Chronic renal failure is a progressive development disease, and has a character with irreversible, and most with poor prognosis. The report said: when the Scr>442umol/h, become terminal uremia just need 10.8 months, Scr is higher and the condition of developing is faster, the life time is shorter, need to take dialysis and the time of transplant is shorter.
The disease course and prognosis of chronic renal failure are related with two factors.
The first is fundamental cause, chronic glomerulonephritis is 10 months, no obstructed pyelonephritis is 14 months, diabetic nephropathy is the worst, only 6 month, and polycystic kidney is 18 month.
The second is all kinds of complications and intensifying factors, in the complication, the worst is hypertension; all kinds of intensifying factors like age、diet.
Infecting heart failure、dehydration or malpractice will lead to kidney function deteriorates and affect prognosis. But if taking reasonable treatment and correction aimed at above disadvantages and the problem with nutrient、 metabolism、anemia rapidly, can still turn the part of condition around.
How to take early prevention for chronic renal failure, and delay the development of chronic renal failure have been become the main problem for many countries.

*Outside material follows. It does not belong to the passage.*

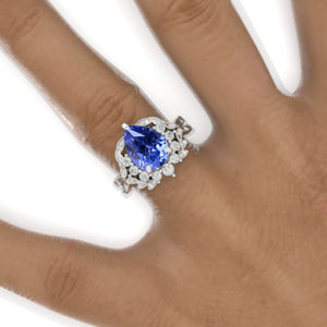 3 Carat Pear Natural Genuine Tanzanite Halo Floral Twig Engagement Rin - Giliarto

Now the expert gives us three preventions:
1、Primary prevention, also called as early prevention
For the patients have had kidney disease or may cause CRF, , such as chronic nephropathy、pyelonephritis diabetes、high blood pressure, take early census and effective treatment to prevent chronic renal failure.

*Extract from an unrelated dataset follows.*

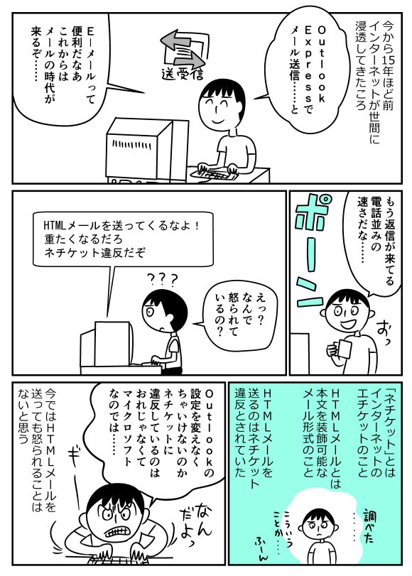 インターネットが一般に浸透しはじめたころ。ネット上で人とやりとりするときに使うマナーは「ネチケット」と呼ばれていました。「HTMLメールを送らない」もネチケットの1つでした。

For preventing chronic renal failure developed continuously and aggravated suddenly, correct lipid disorder actively、take fine protein, control high blood pressure, avoid intensifying factors.

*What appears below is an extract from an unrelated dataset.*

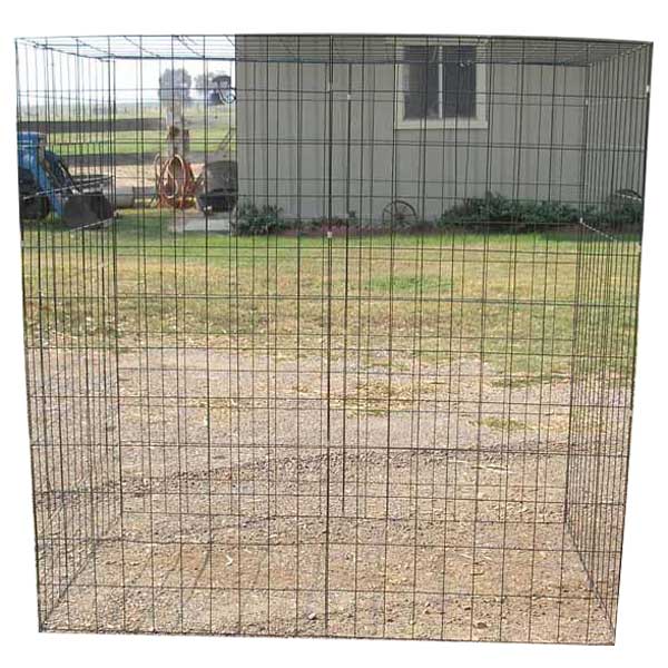 Safe temporary enclosure for chickens and other small animals, that is made of galvanized wire.

Avoid external infection、infection, at the same time pay attention to reasonable diet and rest to prevent the development of condition and promote the recovery of condition.
For the terminal stage of renal failure to take active treatment to prevent the occurrence of complications, like hyperkalemia、heart failure、metabolic acidosis, should strengthen early prevention for CRF and delay the development of disease course, and attach importance to the development、improvement and promotion of non-dialysis treatment. Dialysis and transplant should adopt in the life saving.